(DATA EXCERPT)
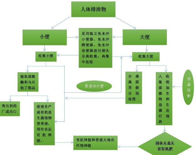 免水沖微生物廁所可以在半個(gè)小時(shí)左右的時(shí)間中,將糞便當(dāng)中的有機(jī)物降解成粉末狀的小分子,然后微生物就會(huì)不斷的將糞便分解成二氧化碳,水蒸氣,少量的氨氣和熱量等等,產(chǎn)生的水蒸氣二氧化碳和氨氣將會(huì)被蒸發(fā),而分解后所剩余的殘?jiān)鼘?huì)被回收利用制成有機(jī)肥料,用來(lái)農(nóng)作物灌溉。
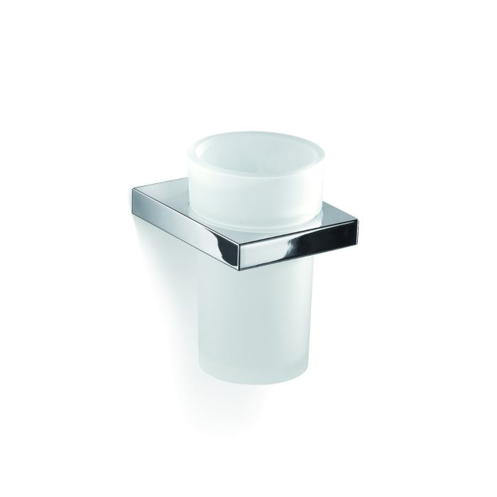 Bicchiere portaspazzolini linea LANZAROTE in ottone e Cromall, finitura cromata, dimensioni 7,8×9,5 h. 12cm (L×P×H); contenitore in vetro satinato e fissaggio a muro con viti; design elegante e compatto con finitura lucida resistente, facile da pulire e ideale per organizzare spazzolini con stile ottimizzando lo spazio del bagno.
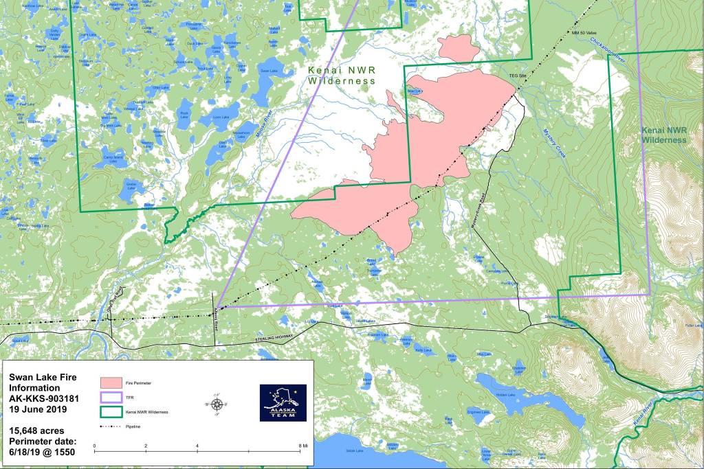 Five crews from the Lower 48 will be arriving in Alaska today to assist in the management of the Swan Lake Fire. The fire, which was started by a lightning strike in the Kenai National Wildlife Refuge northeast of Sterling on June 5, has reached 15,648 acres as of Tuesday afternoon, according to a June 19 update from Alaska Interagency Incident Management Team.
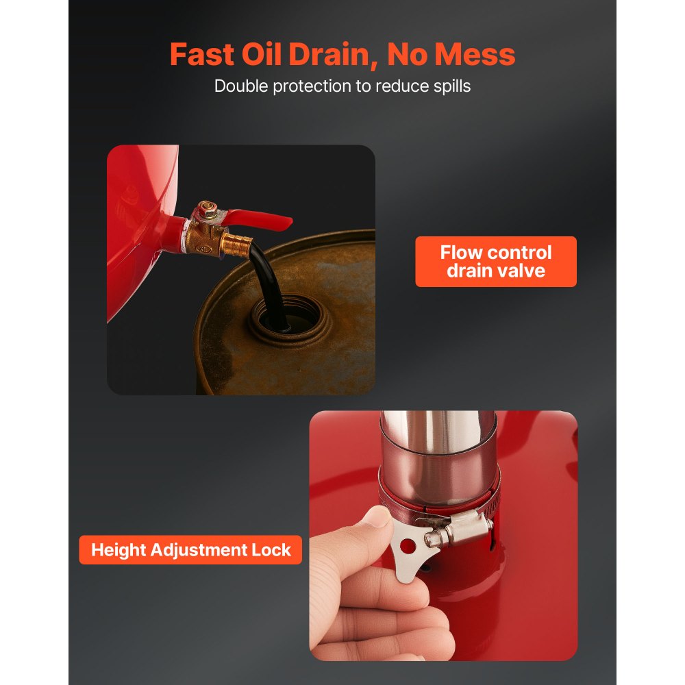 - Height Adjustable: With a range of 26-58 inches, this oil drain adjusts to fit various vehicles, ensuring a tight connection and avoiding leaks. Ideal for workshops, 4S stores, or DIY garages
(End DATA EXCERPT)
■ PROBLEM: Could you copy each line above exactly as written, minus any pictures?

■ ANSWER FOR THE TASK:
 免水沖微生物廁所可以在半個(gè)小時(shí)左右的時(shí)間中,將糞便當(dāng)中的有機(jī)物降解成粉末狀的小分子,然后微生物就會(huì)不斷的將糞便分解成二氧化碳,水蒸氣,少量的氨氣和熱量等等,產(chǎn)生的水蒸氣二氧化碳和氨氣將會(huì)被蒸發(fā),而分解后所剩余的殘?jiān)鼘?huì)被回收利用制成有機(jī)肥料,用來(lái)農(nóng)作物灌溉。
 Bicchiere portaspazzolini linea LANZAROTE in ottone e Cromall, finitura cromata, dimensioni 7,8×9,5 h. 12cm (L×P×H); contenitore in vetro satinato e fissaggio a muro con viti; design elegante e compatto con finitura lucida resistente, facile da pulire e ideale per organizzare spazzolini con stile ottimizzando lo spazio del bagno.
 Five crews from the Lower 48 will be arriving in Alaska today to assist in the management of the Swan Lake Fire. The fire, which was started by a lightning strike in the Kenai National Wildlife Refuge northeast of Sterling on June 5, has reached 15,648 acres as of Tuesday afternoon, according to a June 19 update from Alaska Interagency Incident Management Team.
 - Height Adjustable: With a range of 26-58 inches, this oil drain adjusts to fit various vehicles, ensuring a tight connection and avoiding leaks. Ideal for workshops, 4S stores, or DIY garages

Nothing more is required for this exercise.